Mountest du einmal mit mount und einmal mit KDE?

Falls dem so ist, schau dir mal an, was für mount-Optionen jedes Mal genutzt werden.

----------

## Christian99

nein, ist beides male der selbe mount:

/dev/sdc1 on /mnt/sdc1 type vfat (rw,sync,relatime,gid=100,umask=002)

----------

## SvenFischer

Also ich habe das auch schon beobachtet. Ich habe das Gefühl, das wenn mehrere Dateien kopiert werden, KDE das parallel macht im Gegensatz zur Konsole. Scheinbar führt das zu Verzögerungen.

Probier doch mal nur eine große Datei zu kopieren.

----------

## Christian99

der test mit der zeitmessung war eine einzelne Datei. Nach meinen beobachtungen werden parallele kopiervorgänge gestartet wenn man auc zwei kopiervorgänge startet. wenn man mehrere dateien auf einmal kopiert, wird auch da nur eine nach der anderen kopiert.

----------

## Josef.95

 *Christian99 wrote:*   

> nein, ist beides male der selbe mount:
> 
> /dev/sdc1 on /mnt/sdc1 type vfat (rw,sync,relatime,gid=100,umask=002)

 

Hmm. bist du dir da sicher?

Beachte das kde evtl. HAL zum mounten nutzt (sofern das Laufwerk noch nicht eingebunden ist) und HAL muntet afaik per default nach /media/*

Lass doch sonst einfach mal ein "tail -f /var/log/messages" mitlaufen, evtl. ist dort eher ersichtlich was KDE da eigentlich macht... ;)

----------

## Christian99

ganz sicher kein hal. gemountet wird über udev.

während des kopierens mit kde wird auch nichts ins kernellog geschrieben.

----------

## Mr. Anderson

Ich kann mir vorstellen, dass Dolphin oder Konqueror immer wieder den Verzeichnisinhalt neu lädt, weil sich regelmäßig was ändert, möglicherweise auch noch mit Dateivorschau. Schließ doch mal alle Dolphin- oder Konqueror-Fenster während der Kopiervorgang läuft (das Kopieren sollte ja weiter laufen).

----------

## Christian99

nein, krusader zumindest refresht nicht automatisch, nur wenn ich es explizit sage. Und bei der zeitmessung war er schon geschlossen.

----------

## Mr. Anderson

Geht es mit dd schneller? Eventuell auch mit unterschiedlichen Blockgrößen (bs=foo).

----------

## manuels

Nutzt cp vielleicht den OS-Cache zum Schreiben?

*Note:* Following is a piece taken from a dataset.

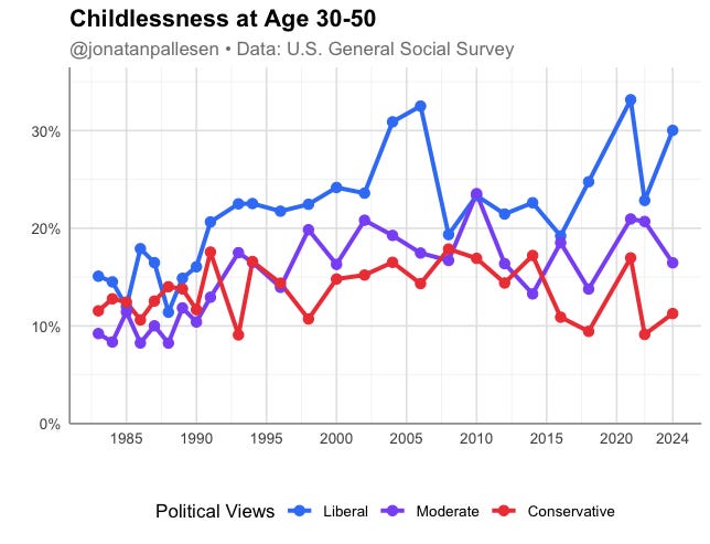 The increase in childlessness over time is only among liberals.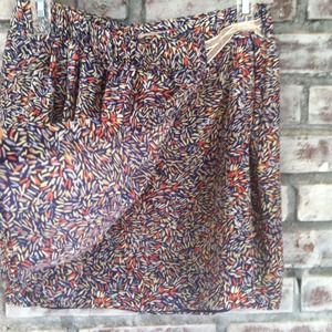 Brand new with tags! Wrap skirt with elastic waistband with ribbon detail and hidden zipper closure. Bright colorful design with navy blue, coral, pink, and yellow. Versatile skirt can fit a small as well.

Mess mal bitte die Zeit für "cp file /mnt/usb && umount /mnt/usb".

----------

## Christian99

nein, tut es nicht. ich hab mit mountoption sync gemountet extra deswegen. sonst kopieren beide wesentlich schneller. und ich muss noch ewig bis zum abstöpseln warten, ohne genau zu wissen wie lange.

----------

## mv

Ich vermute, dass kde vielleicht während des Kopierens ab und zu sync() aufruft (etwa sobald der interne Puffer leer ist).

 *Christian99 wrote:*   

> nein, tut es nicht. ich hab mit mountoption sync gemountet extra deswegen.

 

Bei Medien, die nur eine begrenzte Zahl an Schreibvorgängen haben, würde ich das möglichst vermeiden.

 *Quote:*   

> und ich muss noch ewig bis zum abstöpseln warten, ohne genau zu wissen wie lange.

 

Bei der Shell weißt Du das: Sobald umount zurückkehrt. Wie man das bei KDE kontrolliert, weiß ich nicht - ist vermutlich bei kde-4.6 mit dem u*-Ranz auch schon wieder anders.

----------

## Christian99

 *Mr. Anderson wrote:*   

> Geht es mit dd schneller? Eventuell auch mit unterschiedlichen Blockgrößen (bs=foo).

 

sorry, hab ich beim letzten post überlesen, werd ich mal noch probieren.

 *mv wrote:*   

> Bei Medien, die nur eine begrenzte Zahl an Schreibvorgängen haben, würde ich das möglichst vermeiden. 

 

wieso eigentlich? was genau passiert da anders? ich find es halt unschön, dass er nach 5 Minuten mit dem kopieren fertig ist, in wahrheit aber noch nen halben tag lang daten verschiebt.

----------

## mv

 *Christian99 wrote:*   

> wieso eigentlich? was genau passiert da anders?

 

Wenn Du beispielsweise zwei Dateien hintereinander in das selbe Directory kopierst, wird (mindestens) der Directory-inode verändert, bei vernünftigem Caching hingegen nur einmal. Je nach Implementation kann das mehrfache Schreiben sogar passieren, wenn Du die Dateien "auf einen Schlag" (mit einem Kommando bzw. einem Ziehen mit der Maus) kopierst.

----------

## manuels

 *mv wrote:*   

> Wenn Du beispielsweise zwei Dateien hintereinander in das selbe Directory kopierst, wird (mindestens) der Directory-inode verändert, bei vernünftigem Caching hingegen nur einmal.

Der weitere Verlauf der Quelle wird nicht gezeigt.